Wrong, Paul Washer. Wrong, wrong, wrong.  What that passage teaches us is that our sins require a price to be paid for us in the form of a perfect sacrifice. And man’s good works, not just in NT grace dispensationalism, but from the beginning (have a look at Genesis and the story of Cain and Abel for example)– our good works are an unacceptable sacrifice.
So Christ came.  He lived a perfect, holy, sinless life in our place, which we couldn’t do.  Then, under the law and because of its requirement that the Passover sacrifice be sequestered and examined for a week to see that it be found perfect, Jesus presented Himself for a week at the temple.  He entered Jerusalem riding on a donkey as prophesied.  Then before God, moneychangers, Pharisees, Saducees, scribes, priests, and normal everyday people, He taught and let one group after another examine Him with good questions and bad, and was shown to be a perfect sinless sacrifice, whom the high priest would proclaim should die for all the people.
Then as that perfect sacrifice He did die, and rise again to save us. God the Father accepted His sacrifice, and will turn no one away for what Washer perceives as that sacrifice’s insufficiency.  “All that the Father gives to Me will come to Me, and he who comes to Me I will no-wise cast out.”
Washer’s message also proclaimed this unconscionable misguided statement in response to those who say we are saved by grace alone through faith alone in Christ alone: “Jesus only offers you two things–a cross to die on and eternal life in return.”

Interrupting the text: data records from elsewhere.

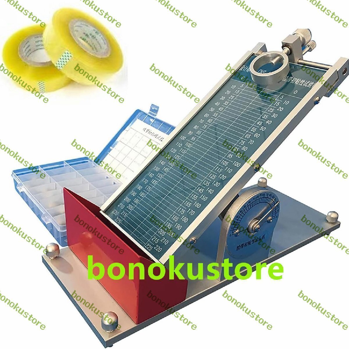 プロフェッショナルテープ初期粘着力テスター、0-60°角度調整可能手動初期粘着力テスター、鋼球の箱付き、テープ、ラベル、保護フィルム、両面テープ用
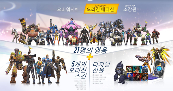 먼저 오리진 에디션 패키지는 디지털 버전 오리진 에디션과 동일한 구성과 가격(6만9000원)으로 판매된다. 패키지에는 21명의 영웅과 상징적 배경, 오리진 스킨 5종(자연의 친구 바스티온, 블랙워치 레예스, 슬립스트림 트레이서, 강습 사령관 모리슨, 보안 책임자 파라)이 포함되며 월드오브워크래프트 '아기윈스턴' 애완동물과 히어로즈오브더스톰의 '트레이서' 영웅, 하스스톤 카드 뒷면, 디아블로 메르시 날개, 스타크래프트 플레이어 초상화가 특전으로 포함된다.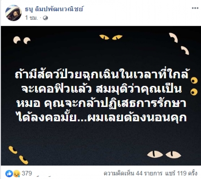 เรียกได้ว่าเป็นอีกหนึ่งเรื่องราวที่โซเชียลเข้ามาแสดงความเห็นกันเป็นจำนวนมาก หลังมีผู้ใช้เฟสบุ๊ครายหนึ่งได้ออกมาโพสต์เรื่องราวโดยได้ระบุข้อความว่า ถ้ามีสัตว์ฉุกเฉินในเวลาที่ใกล้จะเคอร์ฟิวแล้ว สมมุติว่าคุณเป็นหมอ คุณจะกล้าปฏิเสธการรักษาได้ลงคอมั้ย ผมเลยต้องนอนห้องขัง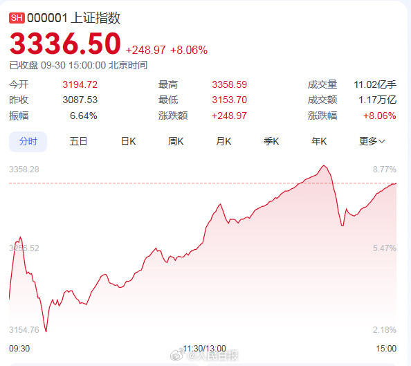 截至2024年9月30日收盘:上证指数(000001)涨8.06%站稳3300点,深证成指(399001)涨10.67%,创业板指(399006)涨15.36%,科创50、北证50指数均收涨逾15%,同步刷新历史最好成绩。近40只行业ETF涨停,超3000股涨幅超9%。A股全天成交超2.6万亿元,创历史新高。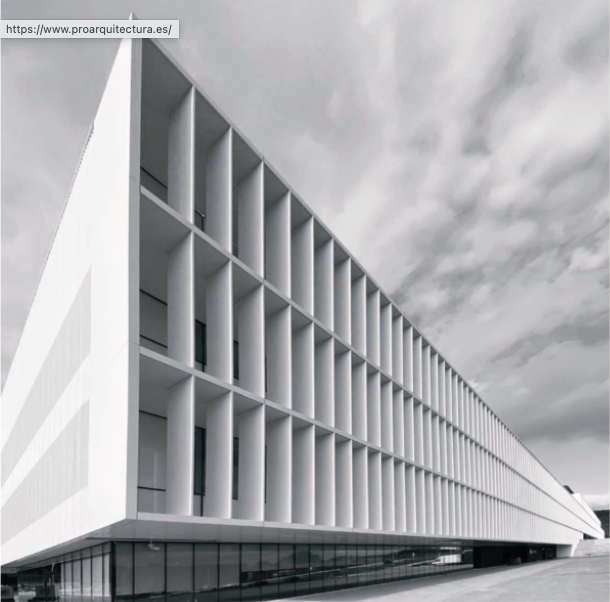 El alargado bloque de Faes Farma se encuentra en el punto más elevado de la ladera ocupada por el Parque y tiene 400 metros de anchura frontal (este-oeste) y 120 de fondo (norte-sur), estando fragmentado en tres cuerpos: uno, destinado a oficinas, dirección y 3.000 m2 de laboratorios, se organiza alrededor de dos grandes patios desde los que es posible entrar con contacto visual con el paisaje; los otros dos albergan zonas de producción, área de carga y descarga, almacenaje robotizado y logística. La fachada de doble piel, con lamas de aluminio lacado, conforma una celosía exterior que vuela dos metros por delante del plano de cerramiento del muro cortina de vidrio. La blancura subraya un sobrio lenguaje abstracto -es inevitable decir minimalista- que resulta clave para, aparentemente, aminorar el impacto volumétrico de la construcción, lo cual se consigue al reducir su altura, adaptándose a la orografía de la parcela y a la servidumbre aeronáutica debido a la cercanía del aeropuerto. Esto da lugar a un bloque escalonadamente alargado. Desde un punto lejano del vial de acceso -ascendente y perpendicular a la esquina Oeste de la fachada- aparece el edificio administrativo como si flotara sobre la entrada principal.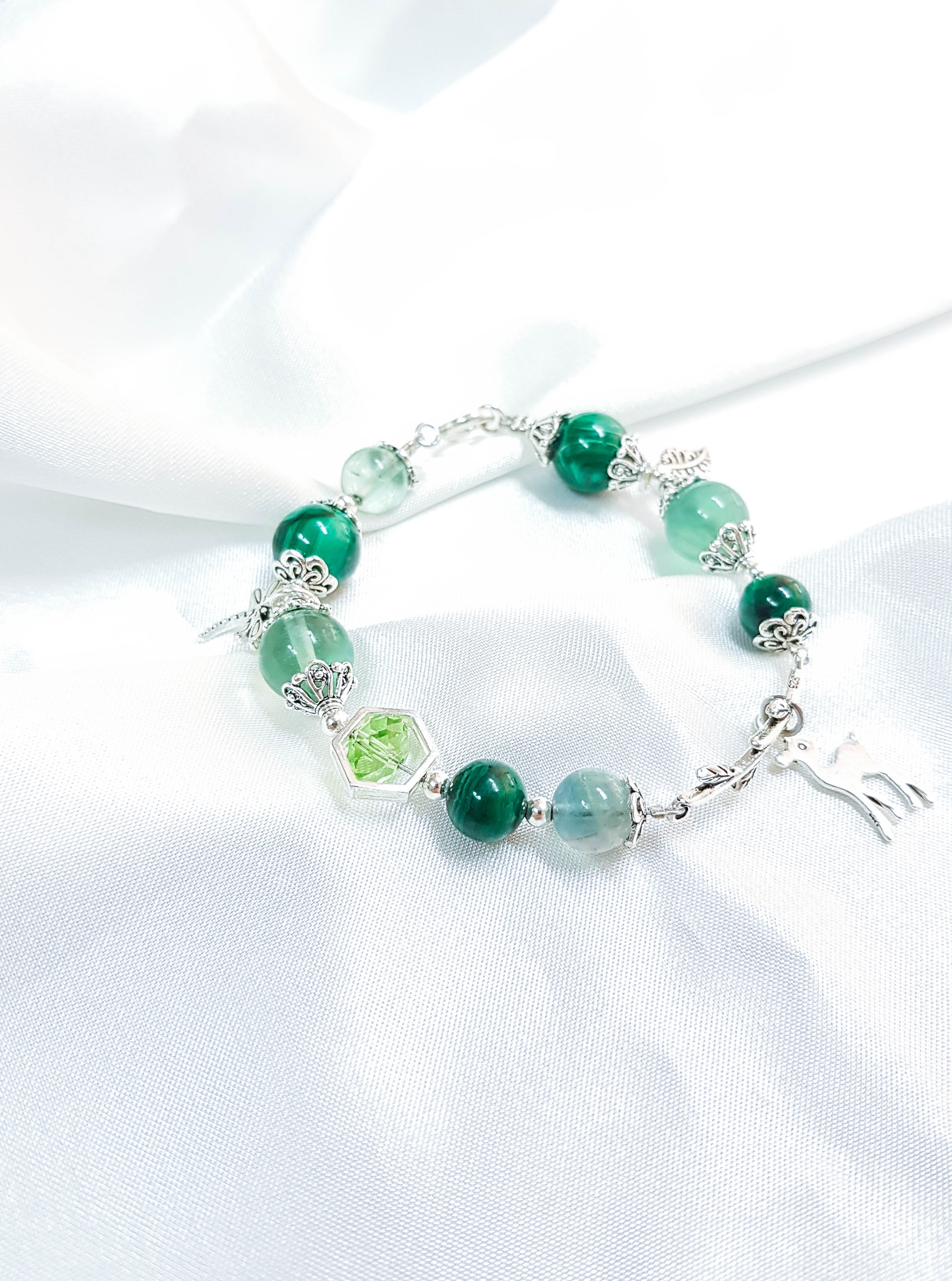 Vòng Thạch Anh Ưu Linh Xanh Phối Hoa Thạch anh xanh Đá Thạch Anh Xanh (Green Aventurine) còn được gọi là “Đá của Cơ Hội”, nó được cho là loại đá mang lại may mắn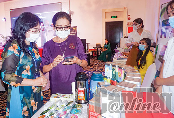 Tiếp cận nguồn vốn ưu đãi phục vụ sản xuất, kinh doanh là mong muốn của nhiều DNVVV do phụ nữ làm chủ. Trong ảnh: Bà Ðoàn Thị Hồng Thắm (bìa trái), Giám đốc Công ty TNHH MTV Hygie & Panacee quảng bá sản phẩm tại một sự kiện.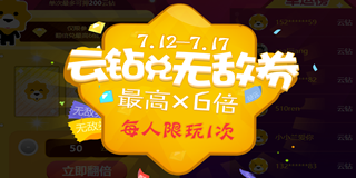 苏宁易购大乐透,中717会员日券,高翻倍12元!苏宁易购717会员日券,高翻倍12元,不会亏的翻倍。玩法:投入不等值云钻,点击“立即翻倍”按钮即可进行翻倍,根据小狮子表情不同获得相应倍数云钻等值券,投入云钻基数×倍数可乘1.5、2、2.5、3、6倍。可投入低50云钻,高200云钻,每增加一档加30云钻。大家可以来试试人品哟~

Horrible. Heresy.  Tear-your-clothes-in-mourning blasphemy.  This is the kind of thing that should get a teacher banned from the pulpit.  I’ve never heard an atheist belittle the cross of Christ and its efficacy more.
Here is what Jesus offers, and in fact offers to sinners worthy of hell who have not and cannot clean themselves up: (Not an exhaustive list) 1)
Eternal life (not earned by taking up a cross and following Him) 2) Deliverance from God’s just wrath in hell 3) Complete security that they will not be condemned but have passed from death to life 4) Forgiveness of sins 5) Cleansing of sins, past, present, and future 6) Justification (being declared righteous in spite of our sin) 7) Entrance into His kingdom and the privilege of serving Him for the glory of God and the salvation of others 8) Adoption as sons of God even though we were His enemies 9) Angels to protect us 10) Access to throne of grace to find help and mercy when we pray in every situation and circumstance 11) Not just life, but abundant life 12) Deliverance from sin 13) Deliverance from the power of Satan to God 14) Our eyes being opened that we might see 15) The beginning of a process of growth & sanctification and a promise that He will continue that work to completion 16) A hope that will not disappoint of glory in heaven, an end to sin and the sin nature, a glorified body that does not sin or want to, that does not get sick, get old, or die, and in a place where there will be no more death, no more sorrow, no more crying.  All of these things and more are unearned, but received as a free gift at the expense of Jesus Christ alone.  And He comes to us first not as Lord and Judge but as Savior.  “For God did not send His Son into the world to condemn the world, but that the world through Him might be saved.” The passage goes on to say that this salvation is given to all who believe.